My experiences with swap on Linux have been similarly bad. If even brief memory pressure forces the kernel to move things to swap, the only way to revert that in any reasonable timeframe is to unmount the swap partition or to restart the machine.
Meanwhile using Windows with a swap file of twice the size of physical RAM runs smooth as butter. I have a 200GB swap file right now and no problems.
>I can't understand how can it be possible that, on Windows, whenever I run out of RAM the OS kills whatever process is consuming too much and the computer keeps running flawlessly.
I've long wondered this too. How does Windows handle memory pressure differently?
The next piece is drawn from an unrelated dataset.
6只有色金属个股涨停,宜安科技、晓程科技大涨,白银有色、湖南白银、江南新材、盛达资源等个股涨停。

I avoid swap since it needs to be encrypted to protect sensitive data written out from memory to disk. Instead I reserve more memory for the kernel vm.min_free_kbytes based on the installed ram and also based and some redhat suggestions, reserve more memory in vm.admin_reserve_kbytes and vm.user_reserve_kbytes, adjust vm.vfs_cache_pressure based on server role and finally set vm.overcommit_ratio to 0. This worked well on over 50k bare metal servers with no swap. OOM was extremely rare outside of dev. OOM basically only happened with automation had human induced bugs that deployed too many java instances to a server. All of the servers had anywhere from 512GB to 3TB ram and nearly all the memory was in use at all times.
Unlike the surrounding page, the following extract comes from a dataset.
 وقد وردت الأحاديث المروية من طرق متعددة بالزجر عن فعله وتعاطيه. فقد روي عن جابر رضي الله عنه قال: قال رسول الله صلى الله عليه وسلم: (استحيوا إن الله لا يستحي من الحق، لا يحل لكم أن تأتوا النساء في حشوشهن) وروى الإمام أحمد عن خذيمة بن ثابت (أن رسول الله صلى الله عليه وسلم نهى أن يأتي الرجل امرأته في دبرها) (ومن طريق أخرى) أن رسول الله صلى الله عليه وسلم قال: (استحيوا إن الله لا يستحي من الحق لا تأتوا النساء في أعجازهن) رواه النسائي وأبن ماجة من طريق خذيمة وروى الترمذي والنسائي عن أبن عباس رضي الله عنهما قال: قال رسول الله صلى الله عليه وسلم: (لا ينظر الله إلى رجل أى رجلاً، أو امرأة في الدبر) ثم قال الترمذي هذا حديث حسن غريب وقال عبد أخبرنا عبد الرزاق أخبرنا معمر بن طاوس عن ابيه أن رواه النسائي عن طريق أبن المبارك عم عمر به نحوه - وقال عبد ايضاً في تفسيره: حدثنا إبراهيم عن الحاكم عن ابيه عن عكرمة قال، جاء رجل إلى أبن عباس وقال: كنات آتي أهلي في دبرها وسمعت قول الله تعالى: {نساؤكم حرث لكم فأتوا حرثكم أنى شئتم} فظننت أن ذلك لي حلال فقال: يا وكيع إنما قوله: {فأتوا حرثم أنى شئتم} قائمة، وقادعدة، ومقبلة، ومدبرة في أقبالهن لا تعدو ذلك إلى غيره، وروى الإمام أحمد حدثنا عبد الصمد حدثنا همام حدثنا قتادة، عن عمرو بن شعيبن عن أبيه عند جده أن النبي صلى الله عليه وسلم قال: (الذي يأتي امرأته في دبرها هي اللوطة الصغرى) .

The kernel OOM killer is only concerned about kernel survival. It isn't designed to care about user perception of system responsiveness.
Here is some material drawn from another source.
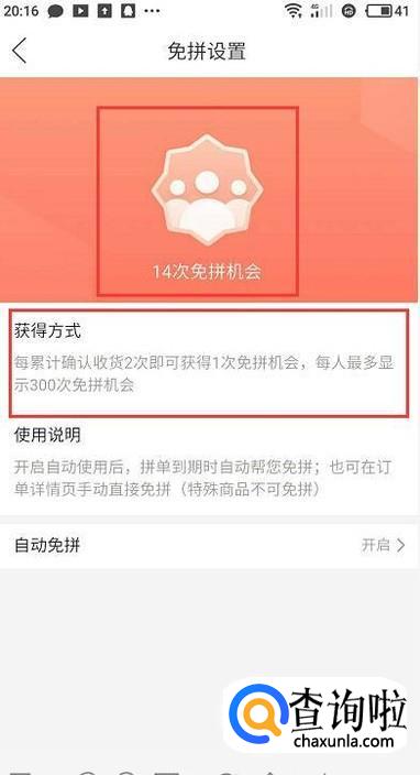 在免拼设置页面,小编的页面显示“剩余14个免拼机会”,如果想获得更多的免拼机会,可以通过确认收货进行获取。
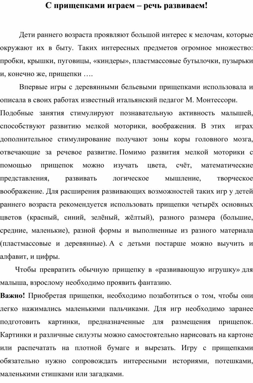 Впервые игры с деревянными бельевыми прищепками использовала и описала в своих работах известный итальянский педагог М. Монтессори.

That's what resource control via cgroups is about. Fedora desktop folks (both GNOME and KDE) are working on ensuring minimum resources are available for the desktop experience, via cgroups, which then applies CPU, memory, and IO isolation when needed to achieve that. Also, systemd-oomd is enabled by default. The resource control picture isn't completely in place yet, but things are much improved.
cgroups often make the situation worse, not better, by insisting that a small memcg drop caches because that control group is full while the system overall has plenty of resources. This can lead to a system severely swapping for no apparent reason.
Putting desktop apps into individual cgroups is one of the more counter-productive ideas that has cropped up lately.
Huh? I have never seen desktop Windows killing process due to out of memory -- does it even do that?
It does thrash much more gracefully than Linux, though. In fact the "your computer is low on memory" prompt actually can show up even when severely thrashing, something utmost impossible in Linux (even starting something like zenity may take hours..).
You can already disable the linux memory overcommit feature if you want linux to never allow more memory to be allocated than exists. However, you may run into problems with programs which rely on the ability to allocate more memory than they need, or if you computer has low amounts of memory.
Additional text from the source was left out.